▸ **WHAT YOU NEED TO DO**
Drop the images. Copy every line below character for character.

▸ **COLLECTED DATA**
........

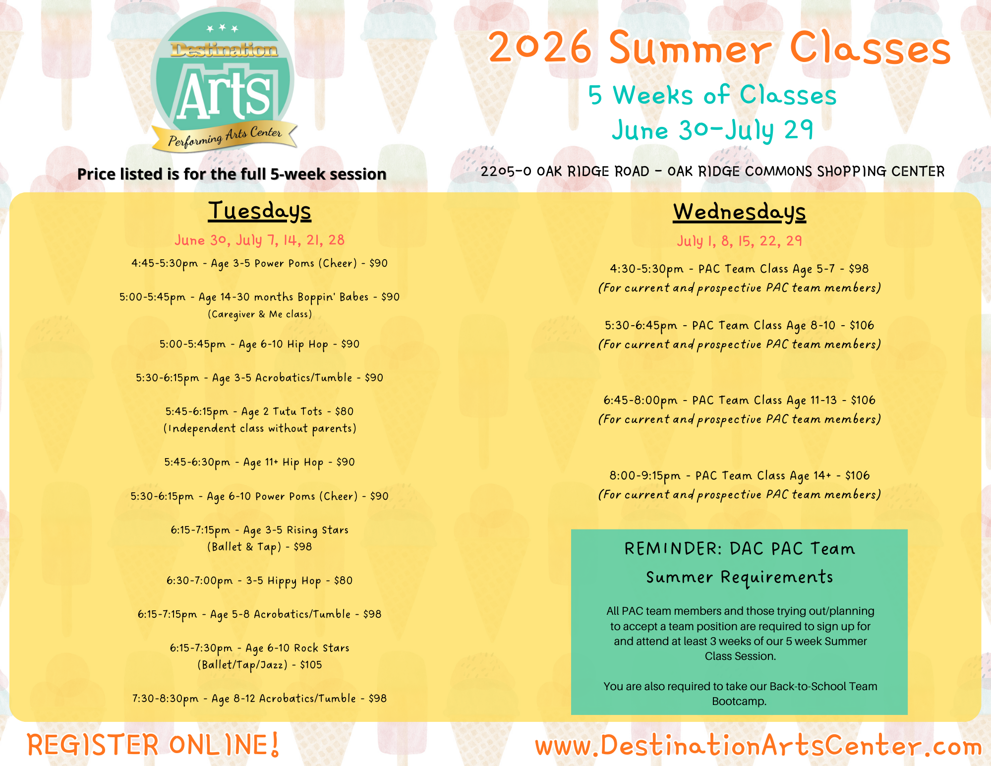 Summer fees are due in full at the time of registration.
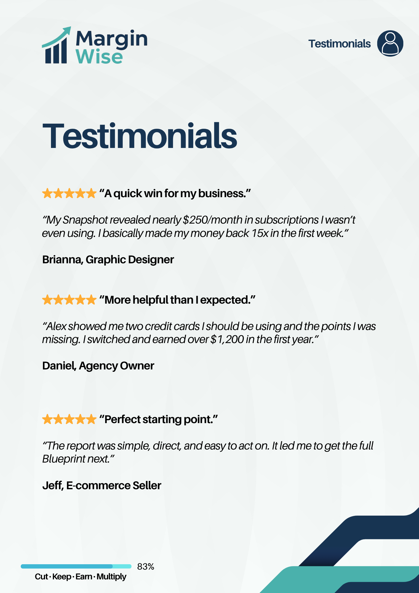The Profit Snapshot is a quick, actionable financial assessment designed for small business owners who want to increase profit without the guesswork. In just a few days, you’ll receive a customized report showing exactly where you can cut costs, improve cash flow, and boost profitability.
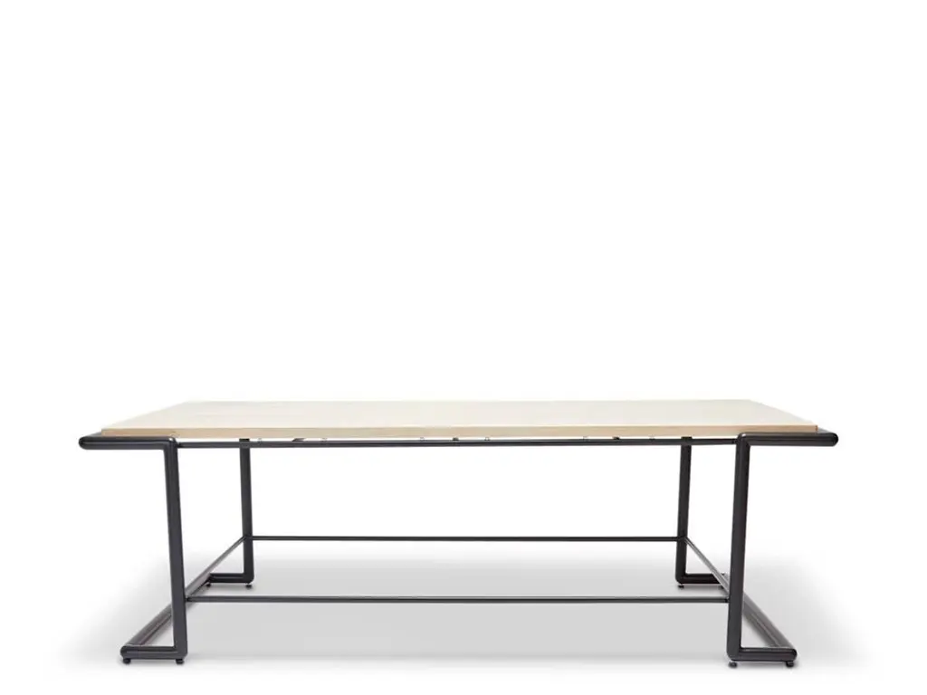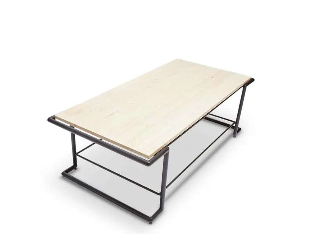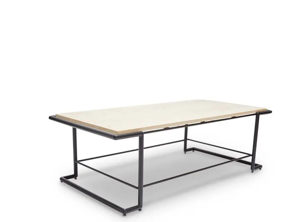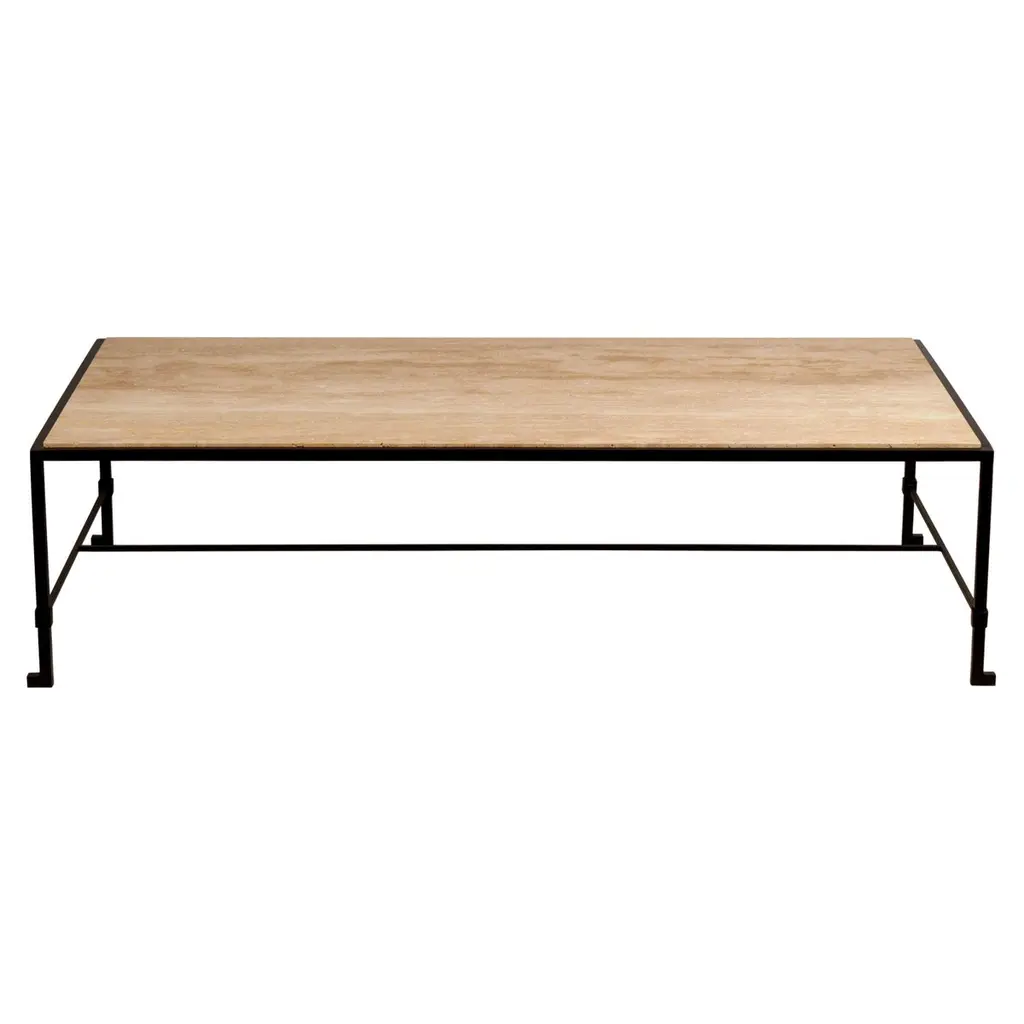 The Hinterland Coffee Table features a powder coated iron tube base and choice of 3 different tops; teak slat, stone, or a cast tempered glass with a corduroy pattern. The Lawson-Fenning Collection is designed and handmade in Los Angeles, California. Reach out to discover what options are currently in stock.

........

▸ **TASK RESPONSE**
 Summer fees are due in full at the time of registration.
The Profit Snapshot is a quick, actionable financial assessment designed for small business owners who want to increase profit without the guesswork. In just a few days, you’ll receive a customized report showing exactly where you can cut costs, improve cash flow, and boost profitability.
 The Hinterland Coffee Table features a powder coated iron tube base and choice of 3 different tops; teak slat, stone, or a cast tempered glass with a corduroy pattern. The Lawson-Fenning Collection is designed and handmade in Los Angeles, California. Reach out to discover what options are currently in stock.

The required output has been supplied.